## How to complete this task
Without adding anything, give again the lines from the one holding "لعب جولتي غولف." through the final line of the records, exactly, with both ends included and pictures dropped.

··· Extracted entries ···

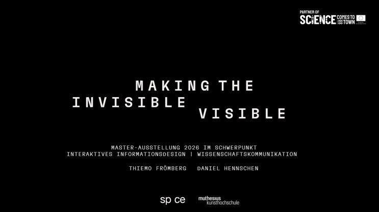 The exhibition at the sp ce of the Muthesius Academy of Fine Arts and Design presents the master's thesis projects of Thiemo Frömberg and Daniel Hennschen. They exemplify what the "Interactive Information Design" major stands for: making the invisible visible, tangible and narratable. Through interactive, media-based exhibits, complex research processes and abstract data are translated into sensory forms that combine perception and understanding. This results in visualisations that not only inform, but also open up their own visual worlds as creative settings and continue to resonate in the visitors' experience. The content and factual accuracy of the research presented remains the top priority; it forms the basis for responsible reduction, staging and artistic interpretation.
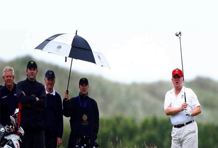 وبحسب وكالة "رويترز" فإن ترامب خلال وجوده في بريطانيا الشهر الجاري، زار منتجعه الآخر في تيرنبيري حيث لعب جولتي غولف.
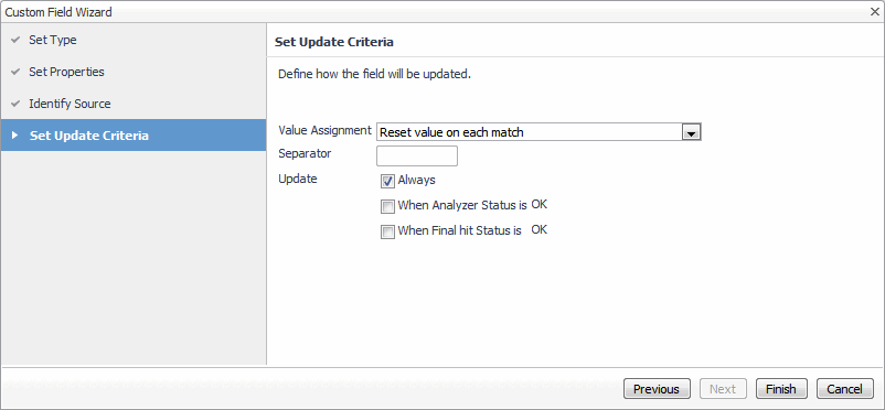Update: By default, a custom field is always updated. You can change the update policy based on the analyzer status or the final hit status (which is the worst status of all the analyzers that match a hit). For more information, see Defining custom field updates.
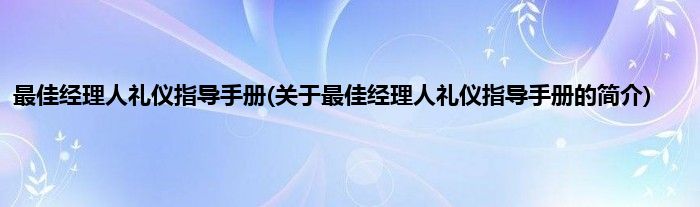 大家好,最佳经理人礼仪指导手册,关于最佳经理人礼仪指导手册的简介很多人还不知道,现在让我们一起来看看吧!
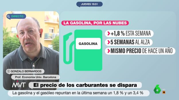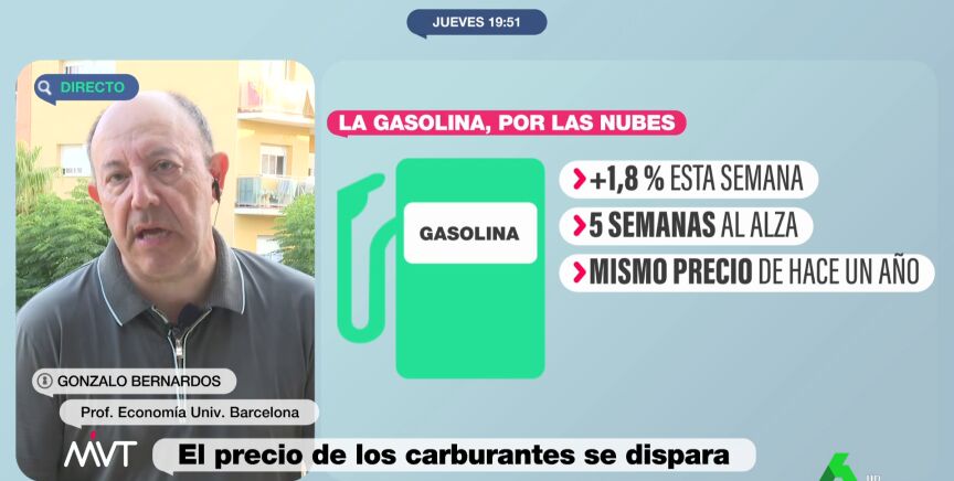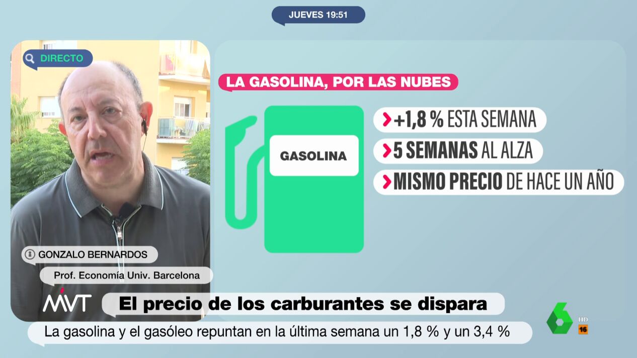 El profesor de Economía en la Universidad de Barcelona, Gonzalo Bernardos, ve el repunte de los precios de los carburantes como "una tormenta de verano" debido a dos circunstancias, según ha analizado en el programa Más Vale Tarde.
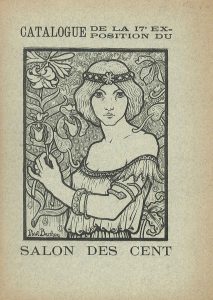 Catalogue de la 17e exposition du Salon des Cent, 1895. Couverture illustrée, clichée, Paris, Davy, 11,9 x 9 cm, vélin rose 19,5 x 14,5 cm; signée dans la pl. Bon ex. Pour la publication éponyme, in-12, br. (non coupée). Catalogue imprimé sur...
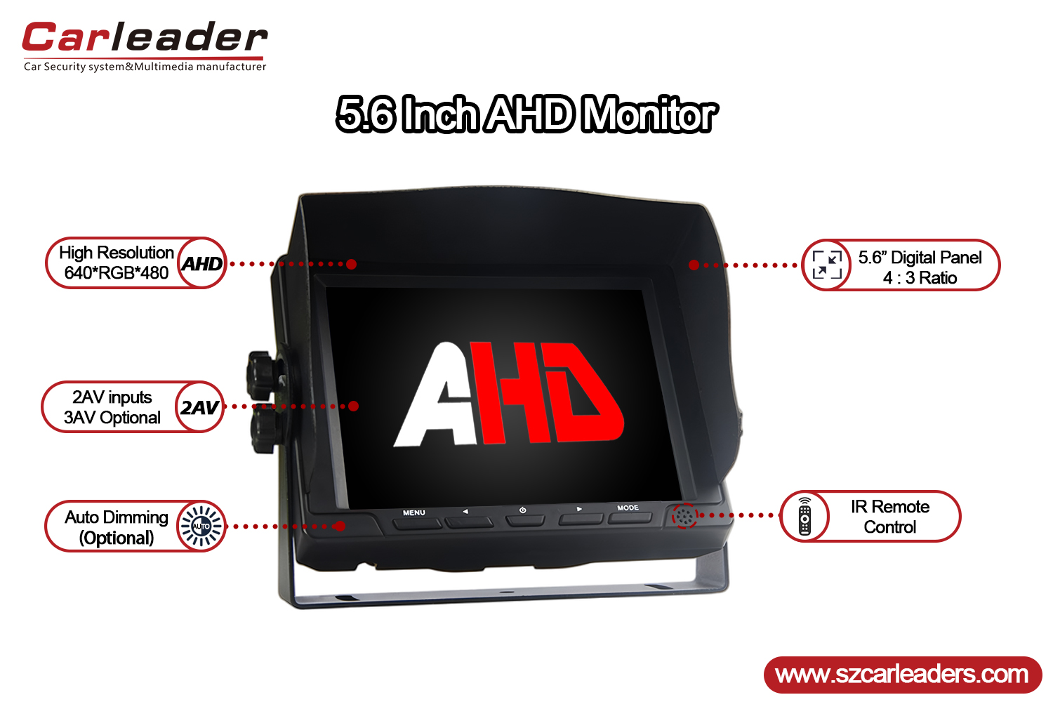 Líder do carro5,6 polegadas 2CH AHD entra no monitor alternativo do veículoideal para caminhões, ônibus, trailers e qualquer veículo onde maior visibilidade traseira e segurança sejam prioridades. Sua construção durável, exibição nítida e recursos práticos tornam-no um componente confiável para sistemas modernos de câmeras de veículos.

···

## Finished task
 وبحسب وكالة "رويترز" فإن ترامب خلال وجوده في بريطانيا الشهر الجاري، زار منتجعه الآخر في تيرنبيري حيث لعب جولتي غولف.
Update: By default, a custom field is always updated. You can change the update policy based on the analyzer status or the final hit status (which is the worst status of all the analyzers that match a hit). For more information, see Defining custom field updates.
 大家好,最佳经理人礼仪指导手册,关于最佳经理人礼仪指导手册的简介很多人还不知道,现在让我们一起来看看吧!
 El profesor de Economía en la Universidad de Barcelona, Gonzalo Bernardos, ve el repunte de los precios de los carburantes como "una tormenta de verano" debido a dos circunstancias, según ha analizado en el programa Más Vale Tarde.
 Catalogue de la 17e exposition du Salon des Cent, 1895. Couverture illustrée, clichée, Paris, Davy, 11,9 x 9 cm, vélin rose 19,5 x 14,5 cm; signée dans la pl. Bon ex. Pour la publication éponyme, in-12, br. (non coupée). Catalogue imprimé sur...
 Líder do carro5,6 polegadas 2CH AHD entra no monitor alternativo do veículoideal para caminhões, ônibus, trailers e qualquer veículo onde maior visibilidade traseira e segurança sejam prioridades. Sua construção durável, exibição nítida e recursos práticos tornam-no um componente confiável para sistemas modernos de câmeras de veículos.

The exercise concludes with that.